#### Record excerpts
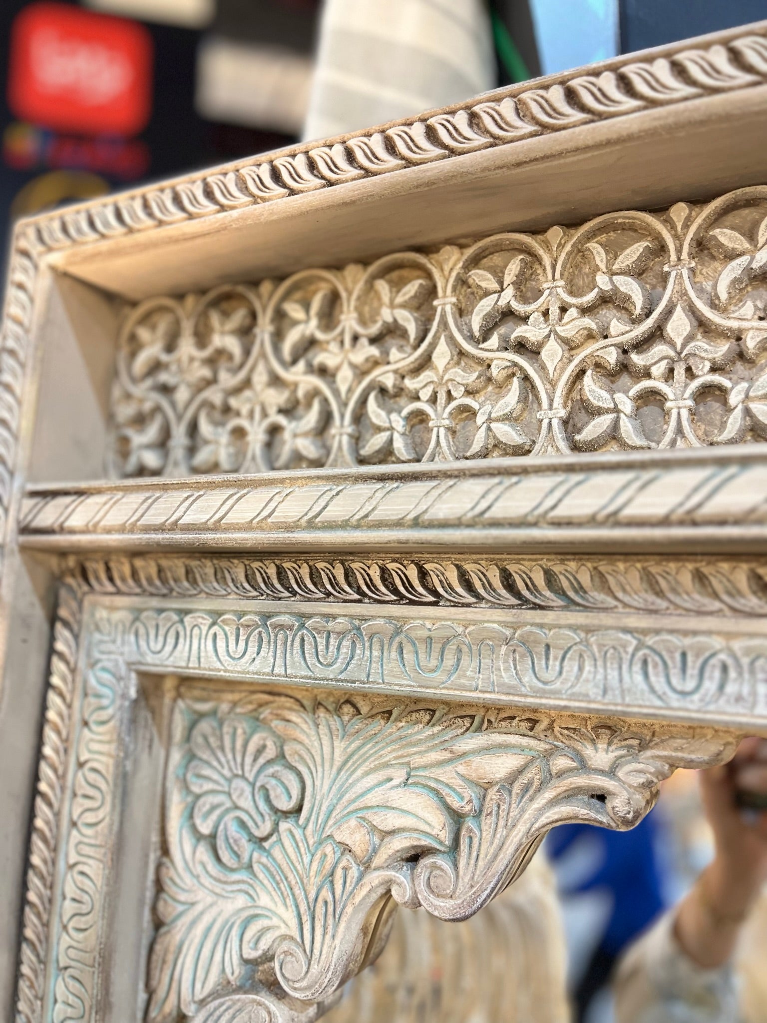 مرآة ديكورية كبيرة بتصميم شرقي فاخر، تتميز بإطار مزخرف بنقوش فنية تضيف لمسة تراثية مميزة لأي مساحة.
########
#### Record excerpts
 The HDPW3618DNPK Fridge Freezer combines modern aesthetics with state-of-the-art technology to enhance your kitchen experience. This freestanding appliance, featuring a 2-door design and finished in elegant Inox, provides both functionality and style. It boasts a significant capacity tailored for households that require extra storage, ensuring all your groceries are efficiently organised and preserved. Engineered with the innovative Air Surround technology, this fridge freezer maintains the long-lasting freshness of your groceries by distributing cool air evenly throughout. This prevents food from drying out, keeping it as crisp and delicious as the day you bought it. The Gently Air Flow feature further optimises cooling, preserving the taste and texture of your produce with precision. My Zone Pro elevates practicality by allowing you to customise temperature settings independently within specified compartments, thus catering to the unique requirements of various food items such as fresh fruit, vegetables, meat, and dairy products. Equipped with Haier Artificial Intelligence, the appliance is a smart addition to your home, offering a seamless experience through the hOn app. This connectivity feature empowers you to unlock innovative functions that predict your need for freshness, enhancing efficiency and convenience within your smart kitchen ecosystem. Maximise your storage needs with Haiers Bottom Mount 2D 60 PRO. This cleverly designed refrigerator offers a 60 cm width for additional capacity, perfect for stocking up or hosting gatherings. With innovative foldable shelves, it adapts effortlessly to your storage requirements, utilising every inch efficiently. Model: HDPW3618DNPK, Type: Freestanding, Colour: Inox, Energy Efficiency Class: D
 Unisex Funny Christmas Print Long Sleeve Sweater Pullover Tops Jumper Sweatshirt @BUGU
########
From the records above, print only the lines between the one holding "The HDPW3618DNPK Fridge" and the one holding "Unisex Funny Christmas", inclusive, exactly as they stand.

 The HDPW3618DNPK Fridge Freezer combines modern aesthetics with state-of-the-art technology to enhance your kitchen experience. This freestanding appliance, featuring a 2-door design and finished in elegant Inox, provides both functionality and style. It boasts a significant capacity tailored for households that require extra storage, ensuring all your groceries are efficiently organised and preserved. Engineered with the innovative Air Surround technology, this fridge freezer maintains the long-lasting freshness of your groceries by distributing cool air evenly throughout. This prevents food from drying out, keeping it as crisp and delicious as the day you bought it. The Gently Air Flow feature further optimises cooling, preserving the taste and texture of your produce with precision. My Zone Pro elevates practicality by allowing you to customise temperature settings independently within specified compartments, thus catering to the unique requirements of various food items such as fresh fruit, vegetables, meat, and dairy products. Equipped with Haier Artificial Intelligence, the appliance is a smart addition to your home, offering a seamless experience through the hOn app. This connectivity feature empowers you to unlock innovative functions that predict your need for freshness, enhancing efficiency and convenience within your smart kitchen ecosystem. Maximise your storage needs with Haiers Bottom Mount 2D 60 PRO. This cleverly designed refrigerator offers a 60 cm width for additional capacity, perfect for stocking up or hosting gatherings. With innovative foldable shelves, it adapts effortlessly to your storage requirements, utilising every inch efficiently. Model: HDPW3618DNPK, Type: Freestanding, Colour: Inox, Energy Efficiency Class: D
 Unisex Funny Christmas Print Long Sleeve Sweater Pullover Tops Jumper Sweatshirt @BUGU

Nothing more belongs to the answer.